En eras como las que nos ha tocado vivir, si somos cristianos y nuestra esencia humana es vulnerada ante tanta maldad –y no me viene a la mente solo el terrorismo, me hiere como dardo envenenado la política de lobos salvajes prestos a despedazar a una mujer inocente que esperaban fuera condenada como criminal y no lo es; una mujer brillante y buena y más que apta para ser la presidenta de Estados Unidos. Me resulta tan inhumano que prefiero hoy no hablar de política, me niego a que el mal me atraiga con su poder para hacer más mal lanzándome al ruedo de un Coliseo Romano ubicado en Washington– nos queda siempre acudir sin demora a la espiritualidad con que nos anima día a día el Espíritu Santo, que nos conduce a una experiencia de Dios fuerte, siempre nueva, a una vida de oración, vida interior que está más allá de las palabras.
Dios es Trinidad: Padre, Hijo y Espíritu Santo. Eso lo creemos desde siempre, siempre sin entenderlo. Y como que hemos sacado a Jesús de la Trinidad. Nos han enseñado mal: ¿un Dios que castiga? Pero si Dios es Amor.
Así como en el mundo físico, económico, político, comunicativo ha llegado la era de la globalización, en el espiritual nos hemos adentrado en la segunda era axial.
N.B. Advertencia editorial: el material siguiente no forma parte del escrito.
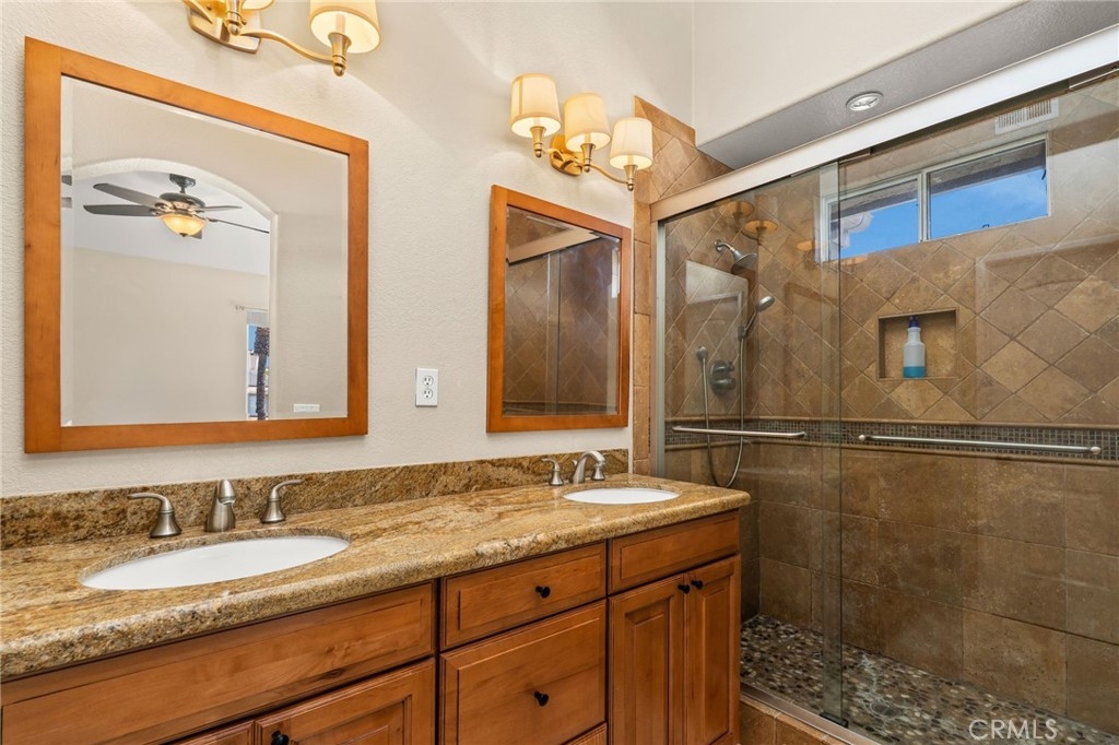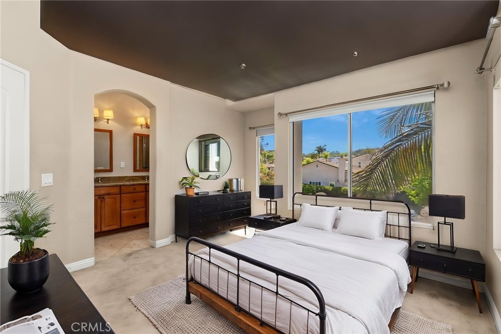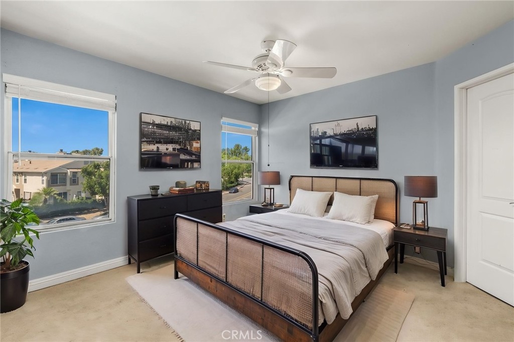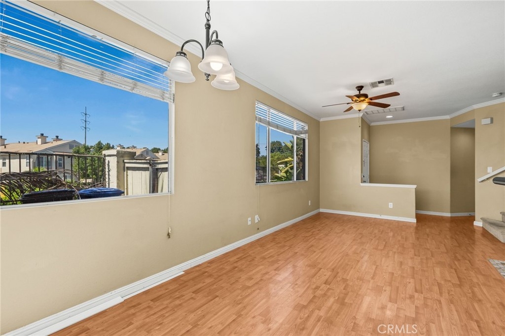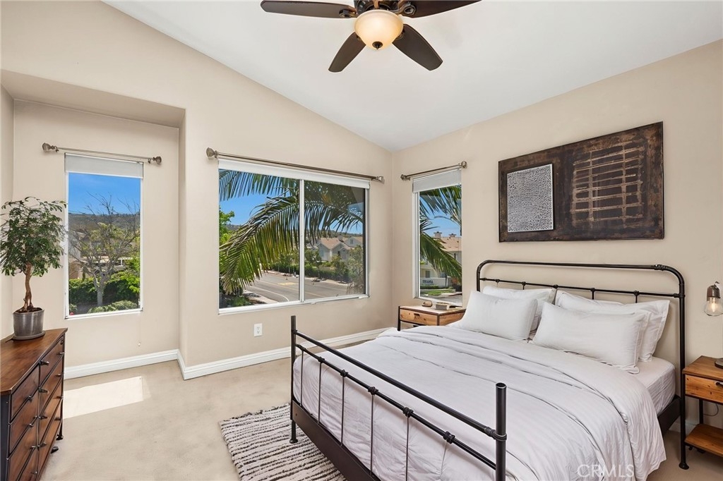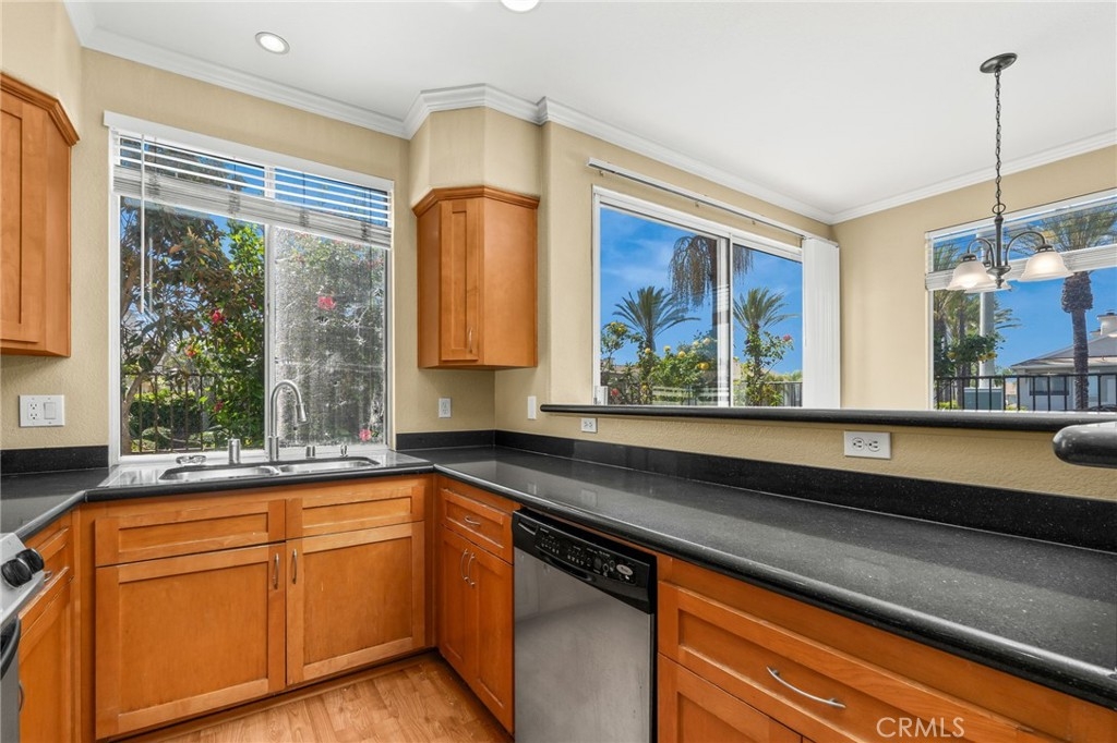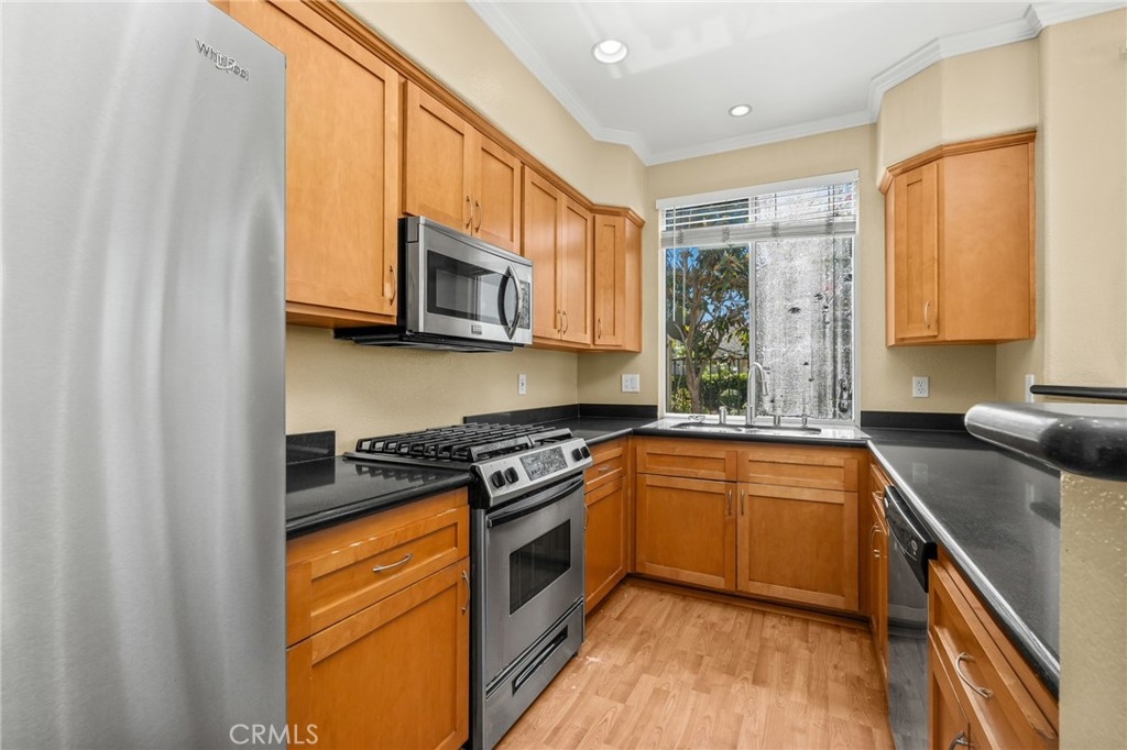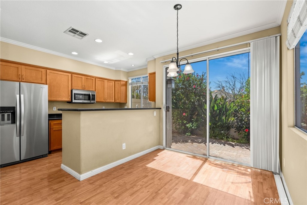 End units like this one rarely come up, a wrap-around yard, and an attached garage give this home a feel that most in the complex simply don't have. The kitchen features quartz and granite counters, Maple Shaker cabinets with soft-close doors, top-tier appliances, and a walk-in pantry with wine storage. Every bath has been redone as well. The primary suite has dual sinks and a Travertine shower. Each bedroom has its own full bath, and there's a third guest bath on the main floor. A fireplace anchors the living room, which opens out to a pavered wrap-around yard. Central air and heat, soft water, crown molding, and paneled doors throughout. The attached garage includes overhead storage, plus there's assigned parking. Community pool and spa nearby.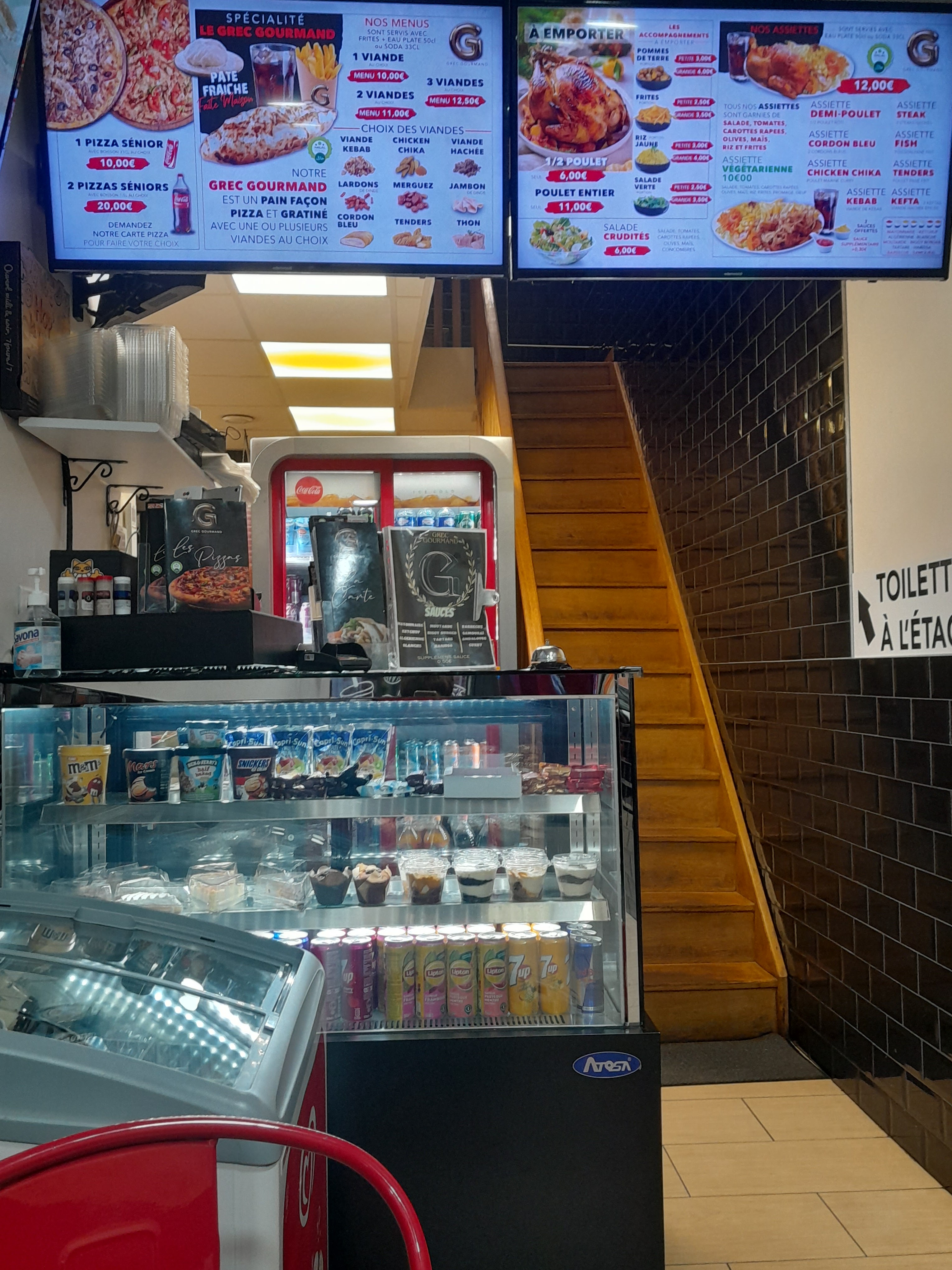 Ok ok accueil vraiment très sympas et nous avons été très bien reçu. Je suis venue avec le collègue et on a graille un grec au poulet, je dit OUI. On peut remarquer une carte très garnie. Je reconnais effectivement un léger parfum de regret qui chatouille mes narines du fait de ne pas avoir pu prendre des pizzas. Si vous aller dans ce grec vraiment prenez des pizzas elle sont faites par de vrais artisans qui aime leur métiers. De plus si je doit ajouter un atout majeur ici il y'a des boisson qu'on ne trouve pas partout. Exemple : fanta fraise kiwi. (Un régale pour les papilles. J'ajouterais un dernier mot pour dire que le personnel est très agréable.

Los científicos han comprobado que el Big Bang sí ocurrió, fue cuando el Universo tuvo su comienzo, hace 13 o 14 mil millones de años. Los teólogos siempre han sabido que el Universo tuvo un principio, cuando Dios lo creó. Está en el Libro del Génesis en la Biblia. Y ese fue el Big Bang. Noten que en el Libro del Génesis Dios habla siempre en plural: “Dijo Dios: ‘Hagamos al hombre a nuestra imagen y semejanza’… A imagen de Dios lo creó. Varón y hembra los creó.”(Gen. 1, 26-27). ¿Por qué plural? Porque Dios es Trinidad: Padre, Hijo y Espírítu Santo. Ese Hijo es Cristo que se hizo hombre hace solo unos 2,000 o 2,006 años. Cristo entró en la historia humana y nació pobre, frágil, vulnerable en Belén de Judá, y le pusieron por nombre Jesús, que quiere decir Salvador. Esa fue la encarnación.
La Trinidad es un misterio, y como tal no es para entenderlo, sino vivirlo, entregándonos a ese amor trinitario al cual Dios nos llama.
Dios, es decir, la Santísima Trinidad, es una relación amorosa entre el Padre, el Hijo y el Espíritu Santo, un amor tan inmenso e infinito que se tiene que dar, quiere darse: a ti, a mí, a todo, para que su alegría y la nuestra sea completa.
Para eso envió a Cristo, cuyo nombre en la Tierra fue Jesús, y aquí vivió 33 años. Y regresó al Padre como el Cristo resucitado, donde existió junto al Padre y el Espíritu Santo desde toda la eternidad. Cristo es el Cosmos, de ahí la naciente teología del Cristo Cósmico. Está escrito: ver Prólogo al Evangelio de Juan; los himnos de las cartas de Pablo a los Colosenses y a los Efesios; Hebreos 1, 1-3; la apertura de la Primera Carta de Juan.
Cristo es el arquetipo de toda vida humana. Nacimiento, vida, dicha y dolor, muerte y resurrección. La Trinidad quiere que seamos parte de su relación amorosa, en su constante fluir de amor. Ese es Dios, al que estamos llamados. ¿Qué importa lo demás, la basura que se da en la Tierra? La política pasa, el amor es para siempre.